Here we focus on the specifications of the GSPCR model. Three
arguments of the `cv_gspcr()`

should be specified
carefully:

- Association measure
- Fit measure
- Number of components

In this vignette we consider a simple scenario with a continuous
dependent variable and a set of continuous predictors. First, we load
the required packages and store the **example dataset**
`GSPCRexdata`

(see the helpfile for details
`?GSPCRexdata`

) in two separate objects:

```
# Load R packages
library(gspcr) # this package!
library(superpc) # alternative comparison package
library(patchwork) # combining ggplots
# Comment goal of code
X <- GSPCRexdata$X$cont
y <- GSPCRexdata$y$cont
```

As described in the introduction, `gspcr`

allows for the
specification of **different bivariate association
measures**. We can run `gspcr`

using as a threshold
type:

- the log-likelihoods of simple GLMs;
- the generalized \(R^2\);
- the normalized association measure used in the
`superpc`

R package.

Another important aspect to consider is the **number of
threshold values** that should be considered. This can be
specified with the `nthrs`

argument.

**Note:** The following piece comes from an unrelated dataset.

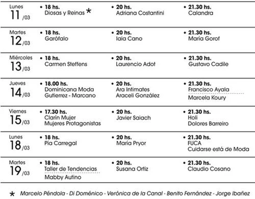 Laurencio Adot, Ara Intimates (Araceli Gonzalez), Holi (Dolores Barreiro), Susana Ortiz, Garófalo, Iaia Cano, María Gorof, Carmen Steffens, Francisco Ayala, Marcela Koury, Pía Carregal, María Pryor, Mabby Autino, cerrando el martes 19 de marzo a las 21.30 horas con la nueva colección del siempre vigente e innovador Claudio Cosano, que sorprende en cada cierre del tradicional evento de la Semana de la moda argentina.
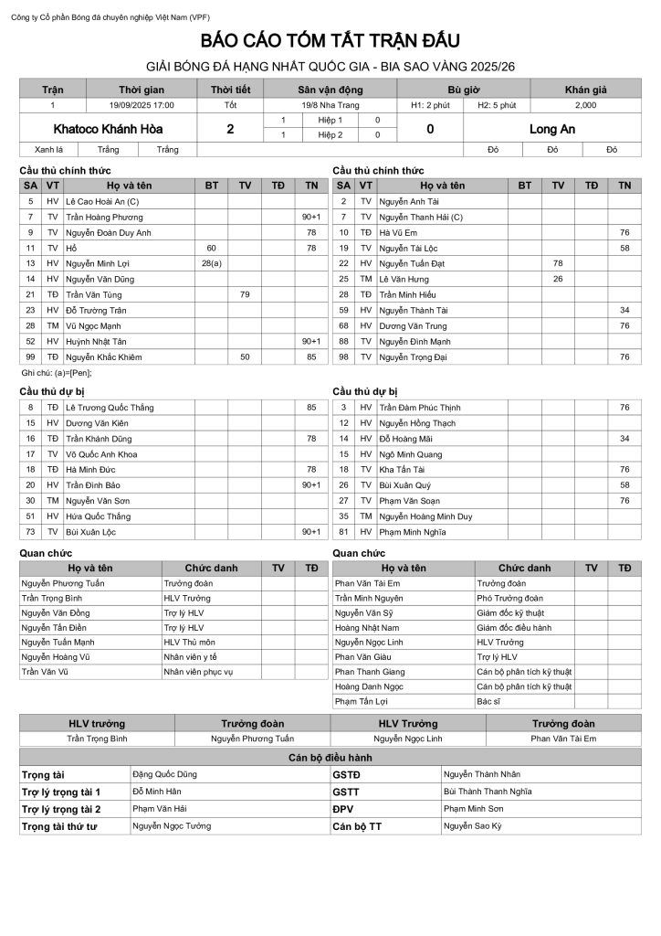 Báo cáo trận đấu CLB Khatoco Khánh Hòa vs CLB Long An (vòng 1 HNQG Bia Sao Vàng 2025/26)

Using the following code
we can compare the solution paths obtained by the different association
measures and values for a given number of PCs.

```
# Define a vector of threshold types
threshold_types <- c("LLS", "normalized", "PR2")
# Train the GSPCR model with the different values
out_trhs <- lapply(
X = threshold_types,
FUN = function(i) {
cv_gspcr(
dv = y,
ivs = X,
thrs = i, # threshold type
nthrs = 20, # number of threshold values
npcs_range = 1,
K = 10
)
}
)
# Plot them
plots <- lapply(out_trhs, function(i) {
plot(
x = i,
y = "F",
labels = FALSE, # We are using a single nPC, do not need the label
discretize = FALSE, # Makes X-axis more readable
print = FALSE
)
})
# Patchwork ggplots
plots[[1]] + plots[[2]] + plots[[3]]
```

As you can see, the solution paths are similar, although LLS tended to favor lower threshold values.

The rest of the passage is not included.